Given entries:
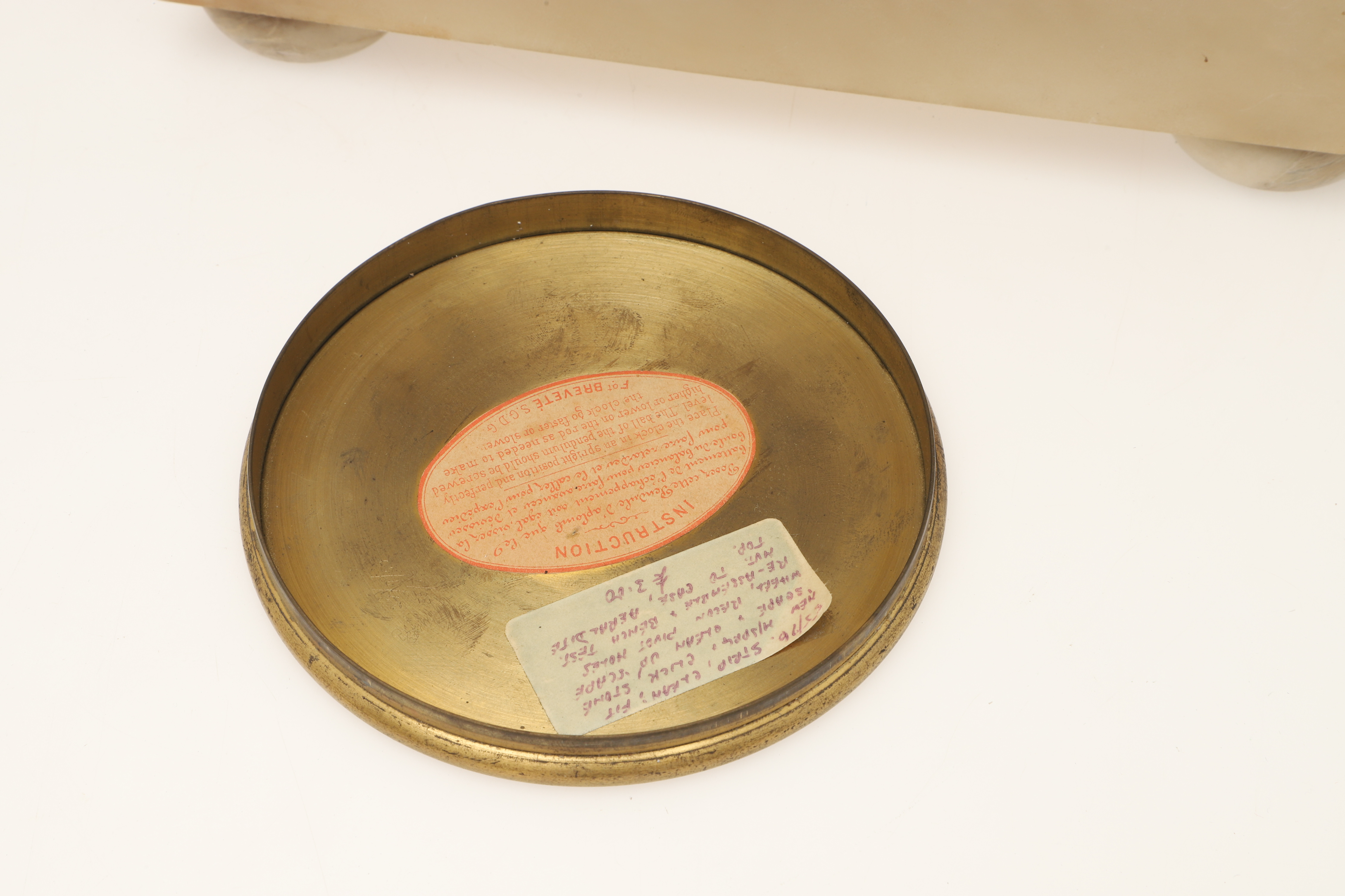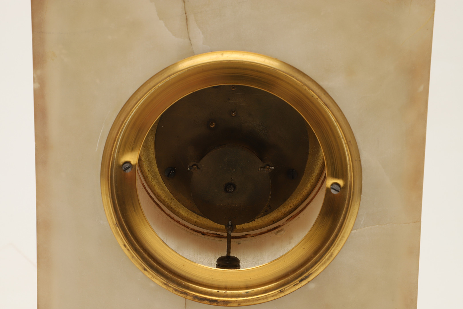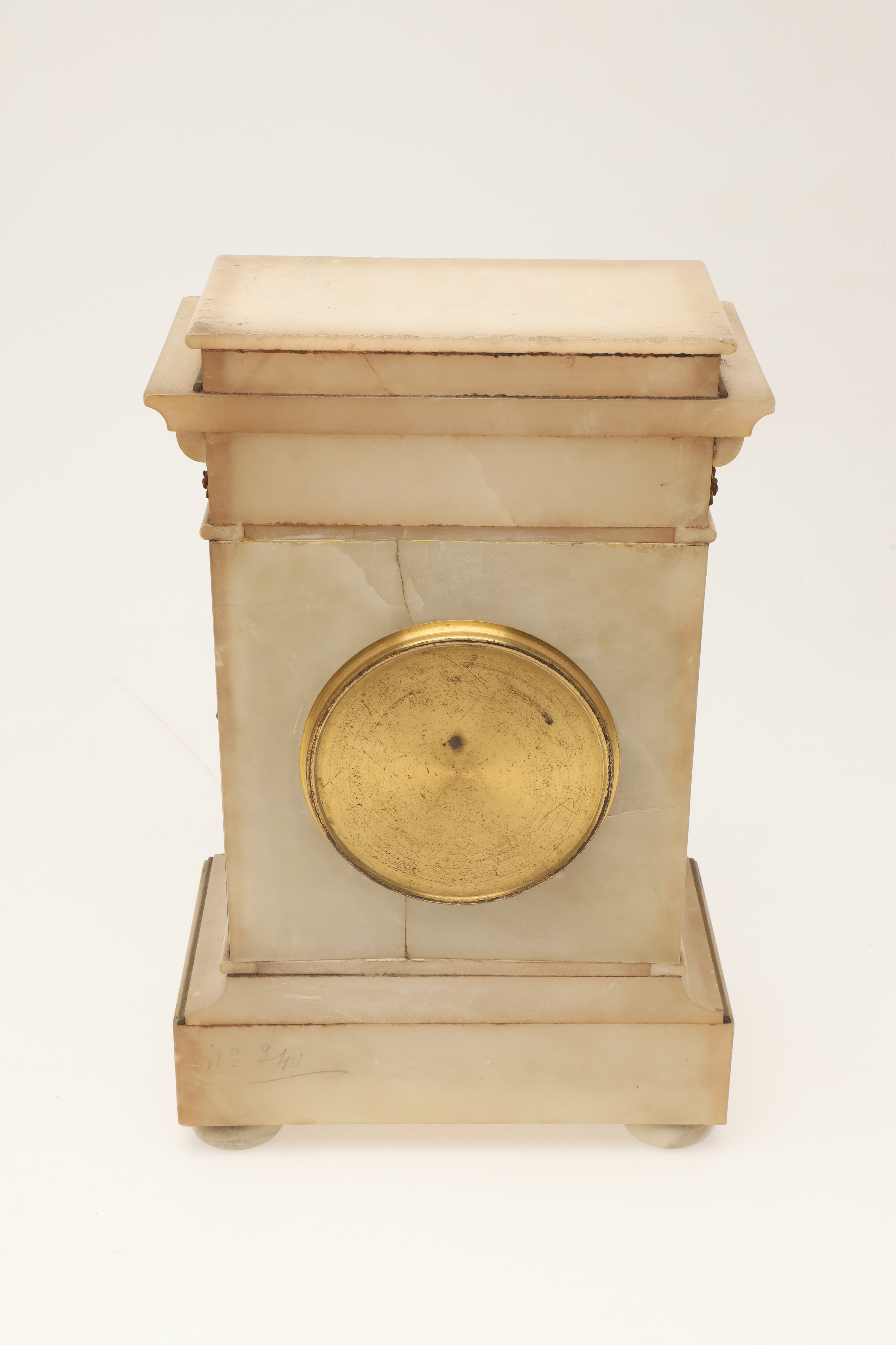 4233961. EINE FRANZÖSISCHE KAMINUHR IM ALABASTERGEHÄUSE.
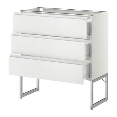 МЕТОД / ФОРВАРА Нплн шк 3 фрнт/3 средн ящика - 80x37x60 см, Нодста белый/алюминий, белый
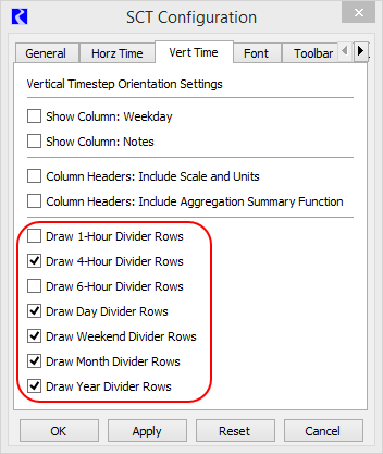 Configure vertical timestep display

...

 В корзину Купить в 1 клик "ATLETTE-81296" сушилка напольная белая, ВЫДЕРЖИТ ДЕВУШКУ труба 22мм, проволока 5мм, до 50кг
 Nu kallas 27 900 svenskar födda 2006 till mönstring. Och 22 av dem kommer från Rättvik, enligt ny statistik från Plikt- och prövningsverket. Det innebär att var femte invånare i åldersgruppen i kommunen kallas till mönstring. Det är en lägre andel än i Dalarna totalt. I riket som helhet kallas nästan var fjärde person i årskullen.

Work to be completed: Please output the lines above beginning at the line with "МЕТОД / ФОРВАРА" and ending after the line with "Configure vertical timestep display", precisely as written and with no pictures.

Solution for this task:
 МЕТОД / ФОРВАРА Нплн шк 3 фрнт/3 средн ящика - 80x37x60 см, Нодста белый/алюминий, белый
 Configure vertical timestep display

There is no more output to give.